They also underlined that this subpopulation of platelets is activated (even modestly) only if the GP membrane have been previously activated by thrombin in vitro. In parallel to the percentage Konijnenberg et al. (1997a), we investigated the expression of P-selectin in MFI. Reported that the average MFI for Pselectin was 10.3, ranging from 7.5 to 11.5, in normotensive pregnant women and 11.3, ranging from 8.0 to 15.3, in patients with PE. There was great variability in the data groups, but there was no significant difference between them. They concluded that this parameter is limited to indicate the presence of platelet activation in normal pregnancy and in PE. Finally, admitted that other mechanisms, different platelet activation may also be involved in the pathophysiology of PE. It should be noted that these researchers present the results only after stimulation with agonists. Harlow et al. (2002) compared the expression of P-selectin in normotensive pregnant women and pre-eclamptic and concluded that this was higher in pre-eclamptic (1.35 1.22% versus 0.61 1.15%, p = 0,02). However, the increased expression of this marker was observed in 53% of pregnant women with PE and 25% of normotensive pregnant women, which shows that platelet activation is not exclusive and does not occur in all pregnant women with PE. Janes et al. (1995) using CD63 obtained results similar to those reported by Harlow et al. (2002). These researchers concluded that it is unlikely that platelet activation is a constant event in PE and their in vitro evaluation as a predictor of disease has limited value. Macey et al. (2010) obtained a percentage of CD62P+ platelets higher in women with PE (0.8 2.6%) compared to normotensive pregnant women (0.3 0.5%), suggesting that platelets are activated in this disease. However, the extent to which platelets are activated in normal pregnancy and in PE remains uncertain. Yoneyama et al. (2001) obtained an increase in the percentage of CD62P+ platelets in pregnant women with PE (7.8 1.2%) compared to normotensive pregnant women (4.7 0.7%), differing from the results obtained in the present study. Goodall & Janes (1994) and Holthe et al. (2004) reported that the basal levels of CD62P, after stimulation with ADP, are high in healthy pregnant
women compared to nonpregnant women. Robb et al. (2011) also observed this increase, even at baseline. It should be noted that most studies in the literature using whole blood samples with the justification that would easily activated platelets in the steps of centrifugation, separation and attachment. Centrifugation also result in loss of platelets, which would be even more significant for those of larger, more activated (JANES et al. 1995).

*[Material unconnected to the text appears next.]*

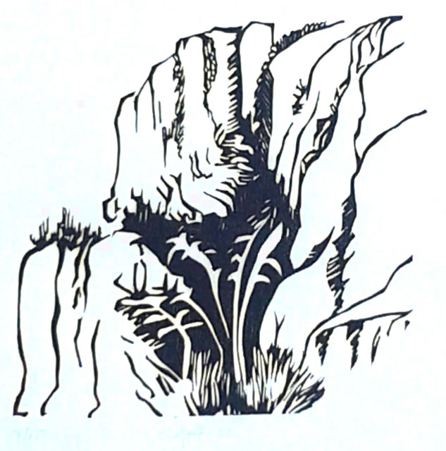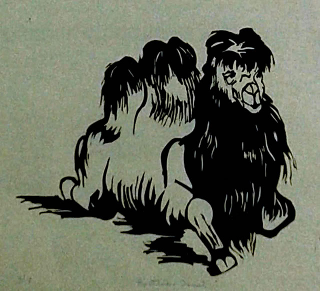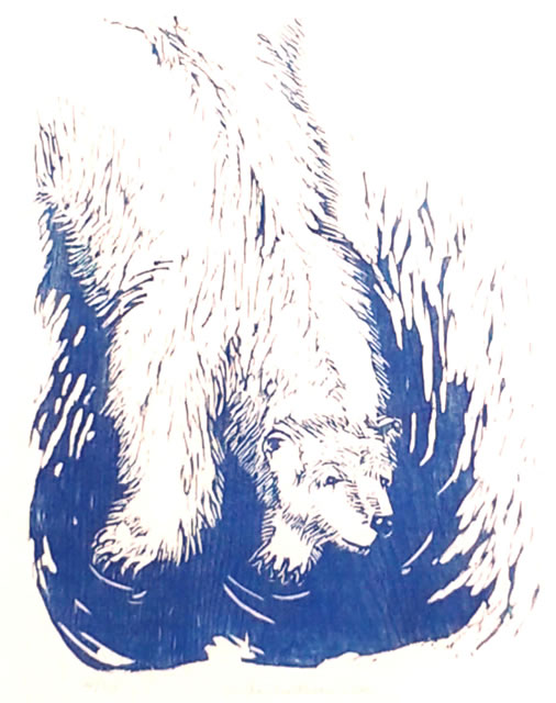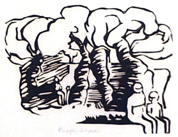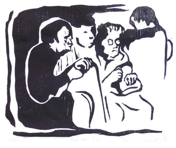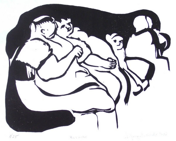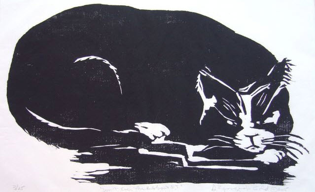 Woodblock print: black ink on Cameo paper, matted and framed. Framed size 16" x 16"

In this study, we chose to use the PRP fixed in paraformaldehyde and sodium cacodylate to minimize possible interference of erythrocytes in the analysis by FC. The possible activation during manipulation of the sample was minimized by fast attachment of platelets after separation of the PRP. It should also be noted that P-selectin is unstable and releases from the platelet surface rapidly, while the plasma remains in a soluble and functional but not detectable by FC. It is known that platelets which have lost the P-selectin may remain activated even in the circulation, although not express this more GP (Michelson, 1996; Konijnenberg et al. 1997; Michelson et al. 2000).
GPIIb/IIIa (CD41a)
In the present study, values below the median MFI of CD41a, in pregnant women with PE compared to nonpregnant women (p = 0.00) and in normotensive pregnant women compared to nonpregnant women (p = 0.01) ( Figure 15). Making up the subdivision of the group of women with EP, we observed a reduction in the median MFI of CD41a in pregnant women with severe PE compared to nonpregnant women (p = 0.00). There was no difference between the medians of the groups PE and normotensive pregnant women (p = 0.10), severe PE and mild PE (p = 0.48), severe PE and normotensive pregnant women (p = 0.69), and mild PE pregnant normotensive (p = 0.73), mild PE and nonpregnant women (p = 0.10) (Figure 16) Admittedly, circulating platelets are at different stages of activation. Platelets can be activated as a result of vascular lesions with release of FT and activation process can be reversible or with such intensity that culminates in platelet aggregation in injured site. Obviously, only those who still circulating platelets can be evaluated in vitro in peripheral blood samples for FC.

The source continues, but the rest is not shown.